# Thread: pointwise and uniform convergence problem

1. ## pointwise and uniform convergence problem

Determine the convergence, both pointwise and uniform, on [0,1] for each of the following sequences:

1) $\displaystyle S_n(x)= n^2x^2(1-cos1/[nx]), x not= 0; S_n(0)=0$.

2) $\displaystyle S_n(x)= nx/(x+n)$.

3) $\displaystyle S_n(x)= (1-cosnx)/nx, x not= 0; S_n(0)= 0$.

4) $\displaystyle S_n(x)= nsin(x/n)$.

I'm really struglling with these uniformly convergence problems, any help would be appreciated

2. For example, did you have any problems finding $\displaystyle S(x)=\lim_{n\to +\infty}S_n(x)$ ?

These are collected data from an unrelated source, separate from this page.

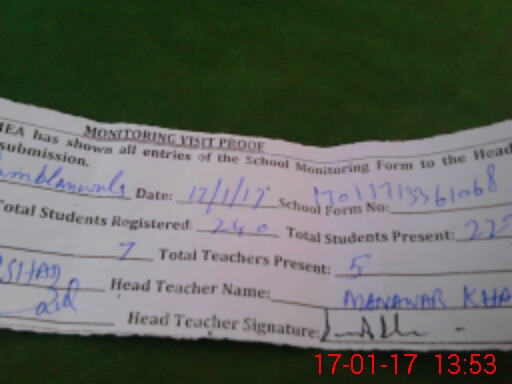 | Attendance Register | Head Teacher | MEA with School | Visit Proof |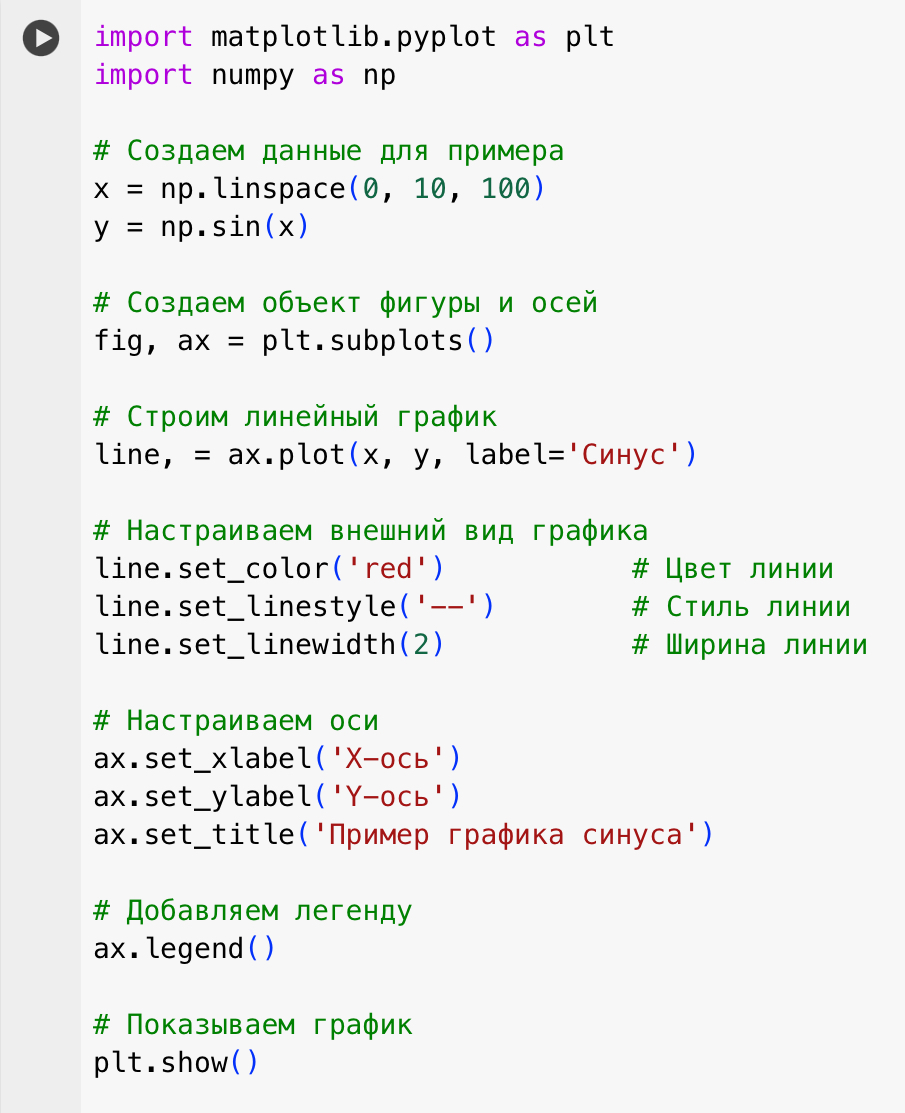 – Мы создаем данные и строим линейный график с использованием Matplotlib.
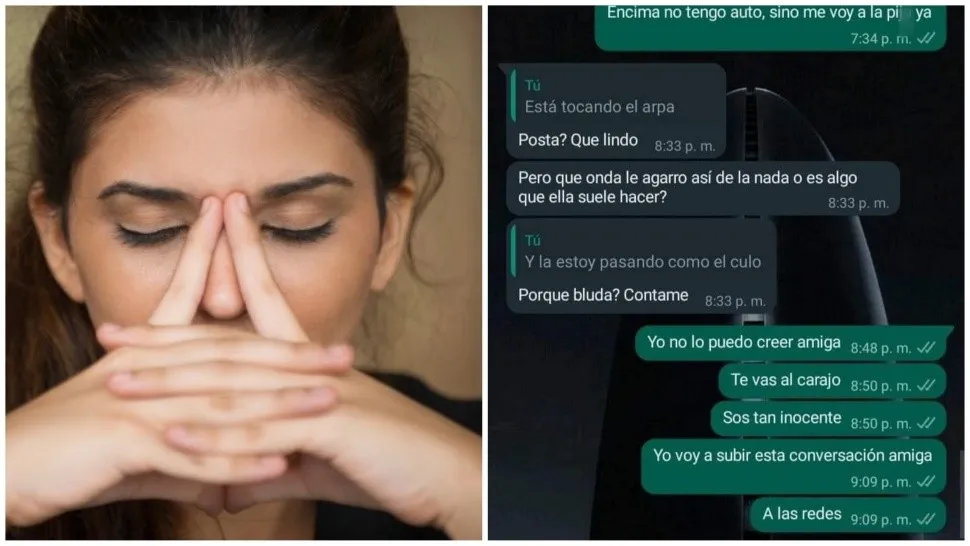 «Porque mi bisabuela está tocando el arpa», fue la frase elegida, pero la amiga no entendió la expresión y le dio una desopilante repuesta. «Yo no te puedo creer amiga. Sos tan inocente», le replicó la chica y le advirtió que iba a subir el chat a las redes.

3. Originally Posted by FernandoRevilla
For example, did you have any problems finding $\displaystyle S(x)=\lim_{n\to +\infty}S_n(x)$ ?
$\displaystyle S(x)=\lim_{n\to +\infty}S_n(x)$ actually, i'm not sure what is the difference between $\displaystyle S(x) and S_n(x)$

4. Originally Posted by wopashui
$\displaystyle S(x)=\lim_{n\to +\infty}S_n(x)$ actually, i'm not sure what is the difference between $\displaystyle S(x) and S_n(x)$

For example 2):

$\displaystyle S(x)=\displaystyle\lim_{n\to +\infty}\dfrac{x}{(x/n)+1}=\dfrac{x}{0+1}=x$

So, $\displaystyle S_n:[0,1]\to \mathbb{R}$ converges pointwise to $\displaystyle S:[0,1]\to \mathbb{R},\; S(x)=x$. Try to find $\displaystyle S(x)$ for the rest.